To test your data I would need at least one bigger image to test on. If you have a few dozen samples already that would be great, but I can extract these myself as well. In general you won't need thousands of samples.
 
Arno, I have uploaded two images for you to download and test with. Each one is 1GB+ in size. Email I sent should have the link. One image is in Redding, California and the 2nd is in the state of Washington. Both I think will make good test areas as the water has various colors, rapids, etc. Let me know how it goes. :)
 
Thanks, let me have a look
 
Hi,

I ran a quick test of the CA image with the new Artificial Neural Networks - Multi-Layer Perceptrons (MLP) step and I must say that I am quite pleased with the first results:

1723701344053.png


There are still some issues in areas where the water is much darker and with the white dots in the water (waves I guess). Below are some zoomed in parts that show these trouble areas.

I did have to use the MRS instead of KMean clustering for the detection of the segments. I know you prefer KMeans due to performance, but that method always combined water and shadow in one segment near one of the dams. In that case they will also be detected as the same.

1723701489445.png


1723701545699.png
 
Impressive! That reservoir is a good place to start as the water is fairly calm there being more of like a lake than a river. The tricky parts, as you note, will be "white water" due to rapids, waves or even sunlight reflection. On the other side is dark shadows on the water from over-hanging trees or tree shades on land. Yes, I do favor KMean mainly due to processing time and I could not see much of any difference in the results. If MRS provides good results that I would not have to go back and clean up, I could find times to run water detection if it takes way long... like run it if I am away at lunch or overnight. You get the idea. The last shot is remarkable - completely usable as is. How long did it take scenProc to process that one one?

Question just popped into my mind. Any advantage of having both MRS and Kmean steps in the same line of steps? Never thought of trying that. Or not possible or have any advantage.

It will be interesting to see results when you try the rivers on that same image.
 
A run on the 1.3 GB image is around 40 minutes now with the MRS step.

I did another run with more sample points to catch the waves and the darker river.
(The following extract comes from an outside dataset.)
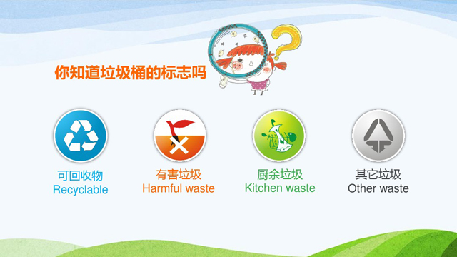 如今中古哦生活垃圾一般可分為四大類:可回收垃圾、廚余垃圾、有害垃圾和其他垃圾。目前常用的垃圾處理方法主要由:綜合利用、衛(wèi)生填埋、焚燒發(fā)電、堆肥、資源返還。廢紙是我們學(xué)習(xí)容易產(chǎn)生的垃圾,她的回收利用價(jià)值很高:回收利用1噸廢紙可以再造出0.8噸好紙,可以挽救17棵大樹(shù),節(jié)省3立方米的垃圾填埋廠空間,降低造紙75%的污染排放,而每張紙最少可以回收兩次!以下最新垃圾分類ppt模板由分類垃圾桶網(wǎng)收集整理。

But that Also resulted in more false positives on land unfortunately.

I could remove most of the wave spots with a dilate/erode step, but that would also kill some of the jetties that are so nicely defected now.
 
They partner with an AI company specialised in this kind of image classification. So they must have a better algorithm and much more training data.
 
Yea, and the deep pockets ($$), to afford that. FYI - When I use KMEANs it takes me around 1 hour to process 25 of the images you are testing with. If MRS is 40 minutes, were looking at up to 17 hours to process. Now you can see why I went the Kmeans way. 17 hours would kill me... I would have to spend 2 days just on water. It's a "pickle" which way to go...
 
When I did the vegetation detection for an entire state it often also took half a day at least to process (and I used the scenProcBatchRunner to process multiple areas in parallel). These steps just take time, but once you have the filter trained as you want you can just run it on an entire state (or at least a bigger area) and wait for the results. So as I see it, it does not matter if it takes a night or even a day or two in that case.

The choice between KMeans and MRS is a tradeoff between quality and processing time indeed. It's up to the developer to make that choice for himself.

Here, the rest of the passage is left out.